Israeli troops have captured the Gaza side of the Rafah crossing with Egypt, forcing it to shut down. Rafah was the main point of entry for fuel.
Egypt has refused to co-ordinate with Israel the delivery of aid though the Rafah crossing point because of “the unacceptable Israeli escalation”, the state-owned Al Qahera News television channel reported on Saturday, citing an unnamed official. The channel has close ties with Egyptian security agencies.
The World Food Programme has warned that it will run out of food for distribution in southern Gaza by Saturday, Mr Petropoulos said.
Aid groups have said fuel will also be depleted soon, forcing hospitals to shut down critical operations and halting trucks delivering aid across south and central Gaza.
Heavy fighting is also under way in northern Gaza, where Hamas appeared to have again regrouped in an area where Israel has already launched punishing assaults.
Israeli Army spokesman Avichay Adraee told Palestinians in the cities of Jabaliya and Beit Lahiya and surrounding areas to leave their homes and head to shelters in the west of Gaza City, warning that people were in “a dangerous combat zone” and that Israel was going to strike with “great force”.
Battles erupted this week in the Zeitoun area on the outskirts of Gaza City. Northern Gaza was the first target of the ground offensive, and Israel said late last year that it had mostly dismantled Hamas in the area.
The United Nations agency supporting people in Gaza, UNRWA, said 300,000 people have been affected by evacuation orders in Rafah and Jabaliya, and the numbers are likely to be higher as these are very built-up areas.
“We’re extremely concerned that these evacuation orders have come both towards central Rafah and Jabaliya,” Louise Wateridge, UNRWA spokesperson in Rafah, told the Associated Press.

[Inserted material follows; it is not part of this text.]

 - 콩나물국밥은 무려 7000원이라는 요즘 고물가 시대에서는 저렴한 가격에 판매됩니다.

Ophir Falk, foreign policy adviser to Prime Minister Benjamin Netanyahu said on Saturday that Israel acts in compliance with the laws of armed conflict and the army takes extensive measures to avert civilian casualties, including alerting people to forthcoming military operations using phone calls and text messages and providing maps to safe areas.

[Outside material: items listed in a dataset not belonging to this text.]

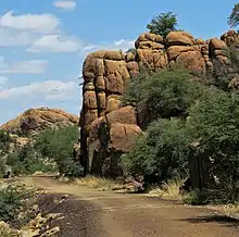 The precambrian[4] Dells' granite has been theoretically dated at 1.4 billion years old. Its pluton was intruded at a depth of around one or two miles (1.6 to 3.2 km). These cover rocks have since been eroded away. Weathering along joints produced the rounded boulders and other unusual rock formations that characterize the Granite Dells. This process is called spheroidal weathering, and is common in granitic terrains.[5]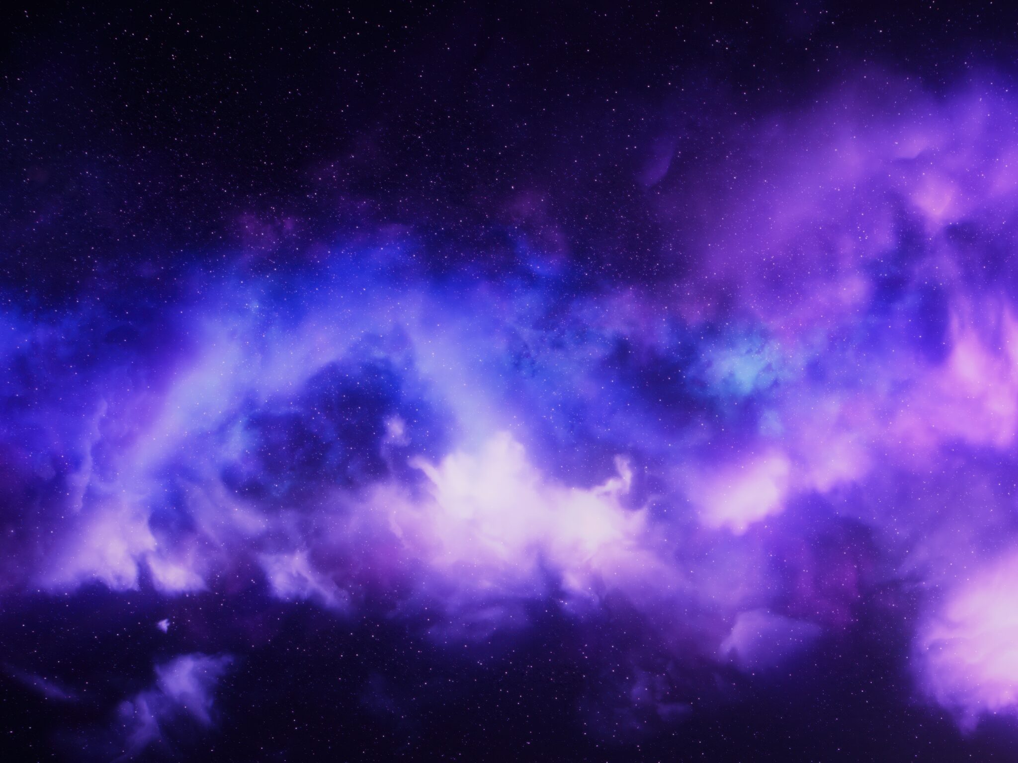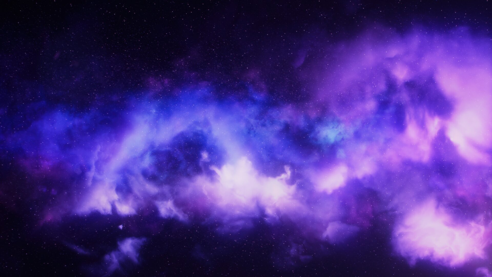Purple and blue cosmic clouds swirl dramatically across a star-filled deep space backdrop, creating mesmerizing nebula formations against th…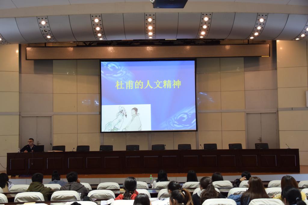 5月22日,人文社会科学学院徐猛老师在办公楼报告厅作《杜甫的人文精神》讲座。徐老师在讲座开始之前为大家推荐了校图书馆关于“杜甫”的优秀书目。他从自己在大学时代读杜甫诗歌的感受讲起,引起大学生听众的共鸣。在为广大学生解读时,他旁征博引、深入浅出,清晰阐释了杜甫如何在一生中矢志不渝地践行中华传统文化中“人”的精神,如何在一生中一以贯之地以“文”鉴证中华精神,如何在中国古代历史中成为当代大学生最为可学的“榜样”。讲座之后,很多同学再次通过各种方式重新去阅读杜甫的诗歌。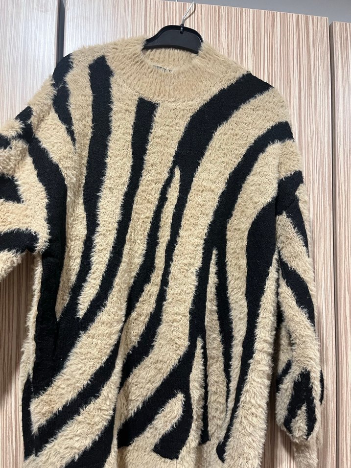 Kahverengi Zebra Desenli Uzun Yumuşak Kazak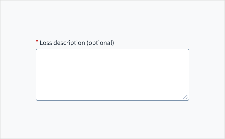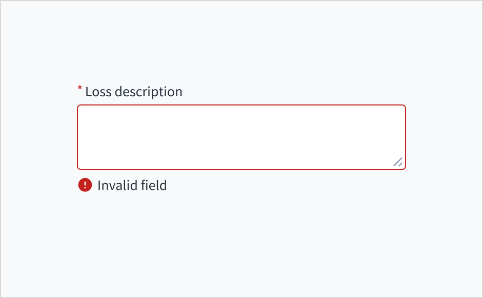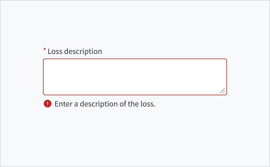Error message text tells a user how to fix the error. In the case of the text area field, errors are often related to something that must be fixed for in-line validation. For example, if the user doesn't fill out a required field that asks for a description of their loss, you can use error text to guide them to a solution: “Enter a description of the loss.”

Meanwhile, strikes are continuing across Gaza.
At least 19 people, including eight women and eight children, were killed overnight in central Gaza in strikes that hit the areas of Zawaida, Maghazi and Deir al Balah, according to Al Aqsa Martyrs Hospital in Deir al Balah and an Associated Press journalist.
Israel’s bombardment and ground offensives in Gaza have killed more than 34,800 Palestinians, mostly women and children, according to the Gaza Health Ministry, which does not distinguish between civilians and combatants in its figures.
Civil authorities in Gaza on Saturday gave more details of the mass graves that the Health Ministry announced earlier in the week at Shifa hospital, the largest hospital in northern Gaza and the target of an earlier Israeli offensive.
Authorities said most of the 80 bodies had been patients who died from lack of care. The Israeli army said “any attempt to blame Israel for burying civilians in mass graves is categorically false”.
Tens of thousands of people attended the latest anti-government protest in Israel on on Saturday evening. Another round of ceasefire talks in Cairo ended earlier this week without a breakthrough.